Habiter : home sweet home

 
Madone entourée de saints (détail) / Guido da Siena / Pinacothèque / Sienne
 
 
Une maison : un écrin, un ancrage, un présent, une protection.
Oser rêver d'un monde où chacun aurait droit à sa maison...

dimanche 4 juillet 2021

Vivre : prends garde à la fugacité des choses

 

 
Tu aimes voir le chien courir à toute berzingue à ta rencontre après qu'il a longtemps ignoré tes appels, tu aimes sa gouaille d'enfant gâté pourri trop aimé, et sa façon de revenir vers toi quand ça lui chante et la vitalité qui se dégage de sa belle silhouette cuivrée, tu aimes les jours où tu changes l'éponge de l'évier et commences de nettoyer le plan de travail avec application, avec délectation, tu aimes quand les choses sont propres et astiquées, et les matins où tu entames un nouveau tube de dentifrice, bien dodu, bien lustré, pas besoin de presser, la pâte ne demande qu'à s'étaler, tu aimes ces petites offrandes du quotidien, et puis écouter une voix percutante à la radio, croiser une âme intelligente au bistrot,  et entendre les martellements lointains d'un chantier, tu aimes l'obstination de ce qui persiste à espérer, plante, ouvrier ou cœur délaissé, ton cœur fait boum quand ces bonheurs se produisent devant toi, tu es en joie, et en même temps dans le secret de tes journées, tu sais que tous les cadeaux qui te sont donnés, petits ou grands, tous les amours toutes les flammes, peuvent s'éteindre en une miette de temps, d'un instant à l'autre peuvent t'être enlevés, et ton cœur s'étreint, parce que tu n'oublies pas, tu ne peux pas, il ne t'arrive jamais d'oublier...

samedi 3 juillet 2021

Vivre : des chiffres et des mecs

 
Portrait d'Auguste jeune / fouilles d'Orto vescovile / Musée étrusque / Chiusi
 
L'homme est descendu de sa Porsche flamboyante, s'est empressé d'entrer, a immédiatement demandé "un café". Il a avalé d'un trait le contenu de sa tasse et s'est barré vite fait en faisant vrombir son moteur. Trente secondes et deux mots. Un euro.
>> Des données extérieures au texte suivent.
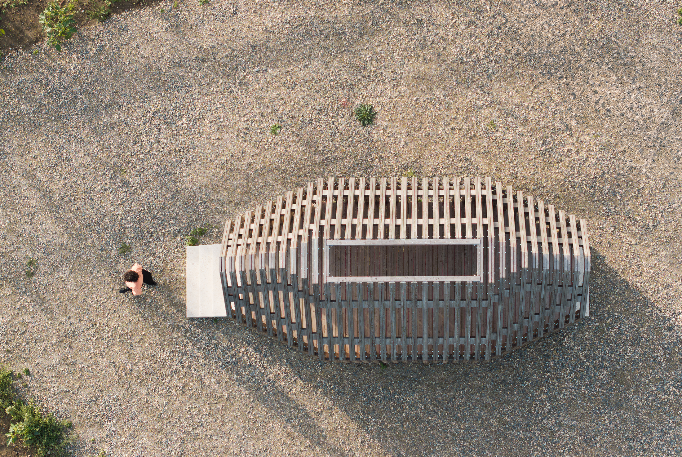 The Resting chapel between vineyards and agrovoltaics for the South Moravian company MND a.s. Our building is part of the reclamation of an industrial site where oil and gas were previously mined. By planting vineyards and photovoltaic panels above them, the original land near the village of Starý Poddvorov is restored.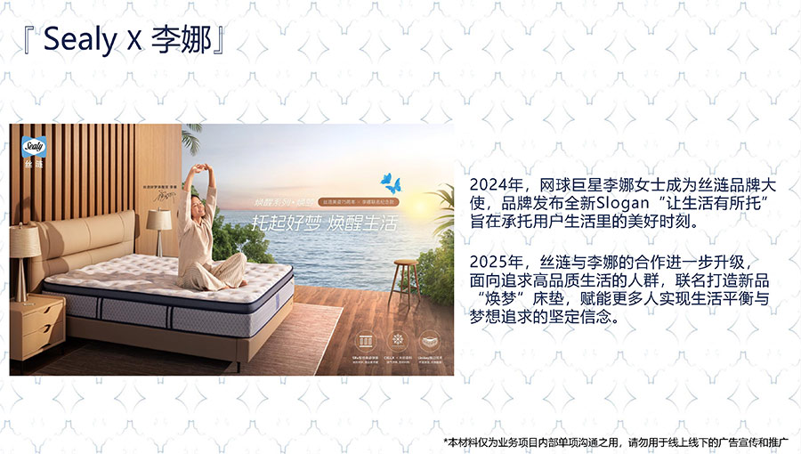 絲漣是上海勞力士大師賽唯一指定床墊及床品品牌,以承托優(yōu)質好眠為基礎,在熱力揮拍之間盡享優(yōu)雅與時尚的健康生活方式。

Le mec avançait sous les arcades, accompagné de son vieux clébard. Il marchait au rythme de son chien, pas question pour lui de se presser, pas question, il souriait aux passants, qu'il regardait, vraiment, échangeait quelques propos de temps en temps. Il était plutôt mal sapé. Ses souliers donnaient l'impression d'avoir pas mal bourlingué. Ses traits étaient creusés, trois longs sillons sur son front. Son âge ? Dans les quarante ans. A déposé avec légèreté un billet de dix francs dans l'écuelle d'un mendiant. Avec dix francs, on peut s'acheter un kebab avec frites et coca. Ou alors autre chose, mais l'homme, ça ne le regardait pas. Il donnait ce qu'il avait et apparemment ce jour-là il avait un peu d'argent. Et du temps. Et il en faisait profiter ceux qui croisaient son chemin, démunis, curieux, esseulés ou chiens.
 
 

vendredi 2 juillet 2021

Vivre : maternelle

 

Certains ciels d'orage...
 

on les croirait barbouillés...


par des bambins aux doigts encrés...

jeudi 1 juillet 2021

Vivre : les forces en soi

 
Entrée de la crypte / Abbaye de Sant'Antimo
 
 
Ce besoin d'aller creuser et creuser encore.
S'obstiner vers l'or du sens et
plus tard, seulement plus tard, 
examiner la possibilité de remblayer.